I am not yet at the chapter of equations of equilibrium, plus it says the couple moment is not 0, so I assume it just about the loadings and not including the reactive forces and reactive moment.

So if I call the top one F1 and the bottom loading F2 I got:

$$F_1+F_2=0= -4b\dfrac{1}{2}+2.5(b+a)\dfrac{1}{2}$$ solving this i got $a=0.6b$

Moment around the free end of the bar (not $A$, but opposite side) due to the loadings is (counter clockwise positive):

$$M= -F_1\cdot\text{center of triangle} + F_2\cdot\text{center of triangle}$$

Because you can replace the loading with force $F_1$ and force $F_2$ and its line of action is through the center of the triangle area ($\dfrac{1}{3}\text{base}$)

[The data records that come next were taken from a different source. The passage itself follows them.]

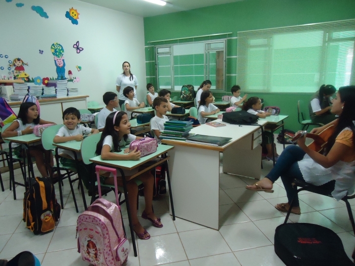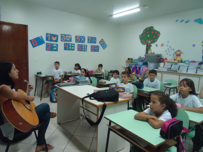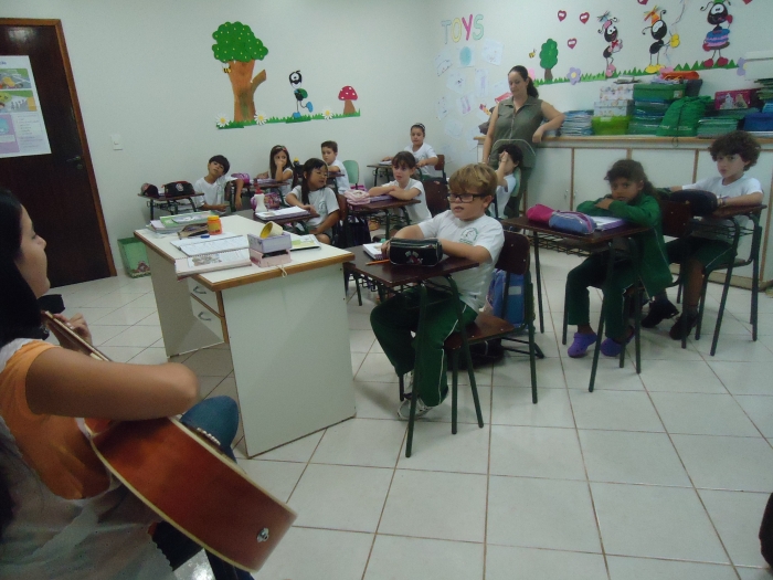 Os alunos do Ensino Fundamental matutino, juntamente com a professora Elissa, nas aulas de musicalização aprenderam a tabuada cantando.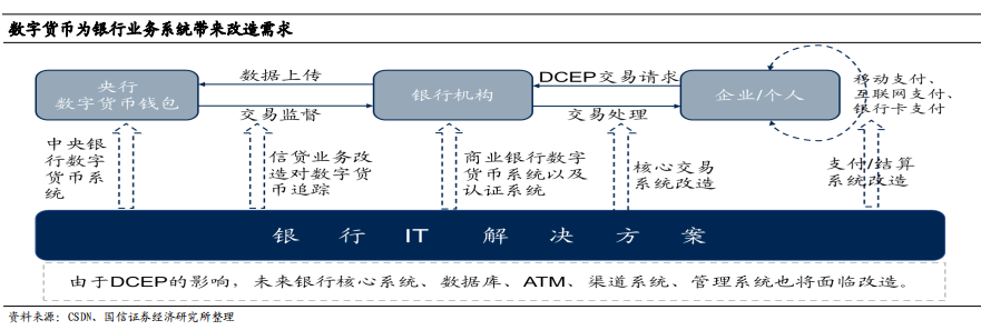 从中长期来看,数字货币为整个银行IT产业带来了增量的IT建设需求,具体来看:1)从发行端来看,数字货币的主要发行方为央行,所以最终的数字货币是由央行统一监管的,在央行的发行端要建立一套完整的数字货币系统,但此套系统一般为央行自建,所以对于银行IT厂商来说机会不大;2)从运营端来看,数字货币由央行发行,由国有大型商业银行进行运营,再由大型商业银行对接中小银行,运营侧给予银行IT厂商提供的需求较多(对于国有大行来说,需要建立一套数字货币交易、监管、报送等系统,按照惯例国有大行一般会找和他们长期合作的银行IT供应商来具体落地实施;对于中小银行来说,一方面也需要依赖银行IT厂商去建立数字货币的整套系统,另一方面也需要依赖银行IT厂商去建立与国有大行的对应接口);3)从流通端来看,主要涉及到线下多场景的支付和结算,也会为银行IT厂商带来一定的改造量,比如现在的ATM机需要改造以适应数字货币和现行货币的兑换、POS终端要支持数字货币的支付与结算。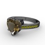 Dumanlı kuvars ve peridot 925 ayar siyah rodyum kaplama gümüş yüzük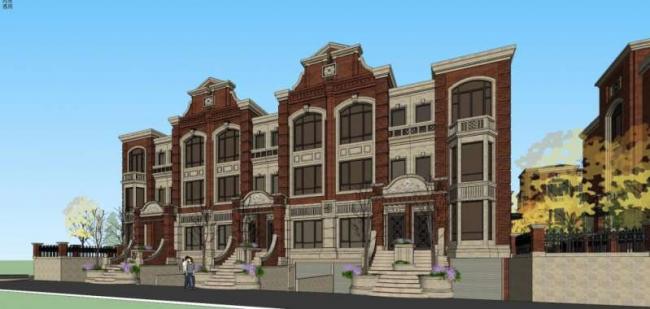 资料名字:Sketchup别墅模型|别墅群,欧式风格

$$M= -8= -4b\dfrac{1}{2}\cdot\dfrac{1}{3}b+2.5(b+a)\dfrac{1}{2}\cdot\dfrac{1}{3}(b+a)$$

So what am I doing wrong? Because $M$ can never be negative with me, plus the answer should be $b=5.625$ and a= $1.539$. But this to me makes no sense, because then $F_1+F_2\neq0$. And if I should take the reactive forces into account at $A$ then you can never have still a moment, because then it is not static anymore.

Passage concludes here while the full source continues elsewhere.